Search terms such as "ND filter," "ND filter Sony" and "ND filter Canon" turn up many interesting results, both old and new, which give insight into the manufacturers' thinking, and quite a few specifics of the physical mechanisms and control schemes.

http://www.google.com/patents

Tom Hardwick
December 15th, 2006, 02:30 PM
Evan - I think you're seeing a two bladed iris inside the Sony - the top blade is an upside-down V and the bottom blade is a rightway-up V. This is much simpler and cheaper to produce than the nice 6 bladed iris as used on the VX, FX etc, but it does the job, albeit with less attractive highlights and flare when used into the light. Out of focus highlights are noticeably less attractive too.

The internal ND filtration of the PDX10, the HC1 etc is designed to stop the cameras working at any stop smaller than f/4, regardless of the focal length. Of course if it gets brighter than even the internal ND can soak, then smaller apertures are used - but this is seen as an emergency getUhome, as diffraction with 1"/3 chips becomes quite noticeable at f/5.6 and smaller - and especially so at the wide-angle end of the zoom.

Cameras with this undocumented internal ND often 'make up something the punter will believe' when 'display' is hit on tape replay. Panasonic are also guilty of this, displaying silly f/22 readouts on many of their cameras.

tom.

Peter Muller
January 9th, 2010, 06:17 AM
Hello again after some years,

I am using a HVR-A1 and would like to know, if anybody knows how the three (?) internal ND filkters work togehter with external ones. Has anybody used them in combination?

In addition, am I correct with the following assumption regarding the exposure steps of the A1?

f4: 0db/None ND
f4: 0db/ND2
f4: 0db/ND4
f4: 0db/ND8

Thanks,
Peter

Tom Hardwick
January 9th, 2010, 08:38 AM
I'm not sure if the A1 has separate ND filters - I would expect it to have a varying density filter so that the more it moves into the light path the more light is absorbed. I don't know though _ I haven't looked down into its lens.

So what happens is this. You're filming at f/2 (say) and it gets brighter. The iris closes to f/4. It gets brighter still and now the ND absorbs the light. If it gets brighter than a theoretical f/11 (with max ND in place) the iris will start to close again, or in some cases the shutter speed will shorten.

It's far better to do this yourself (film at 1/100th rather than the default 1/50th) if it's very bright and avoid the use of external ND filters altogether. They cause flare spots with such short focal lengths and reduce the hood's efficiency. Not good.

tom.

Peter Muller
January 10th, 2010, 01:29 PM
Thanks a lot Thom for you explanation and advice!
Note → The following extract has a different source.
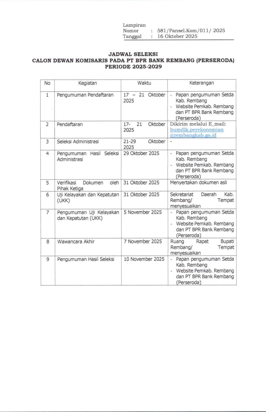 Pengumuman Hasil Seleksi Calon Dewan Komisaris Pada PT BPR Bank Rembang (Perseroda) Periode 2025-2029

Another question is what will happen when the varying density filter work together with an IR filter or circular Pol filter I am also considering to use.

Tom Hardwick
January 10th, 2010, 01:50 PM
You plan to use an IR filter? Maybe you mean a UV? Whatever - the internal ND will make no difference at all - it's neutral as the name suggests. If you attach a polarisor that absorbs 1.5 stops, the internal ND will simply move to allow 1.5 more stops of light to the chips.

Before you buy the circular polarisor it's worth trying a linear polarisor. Much cheaper and will probably work just as well.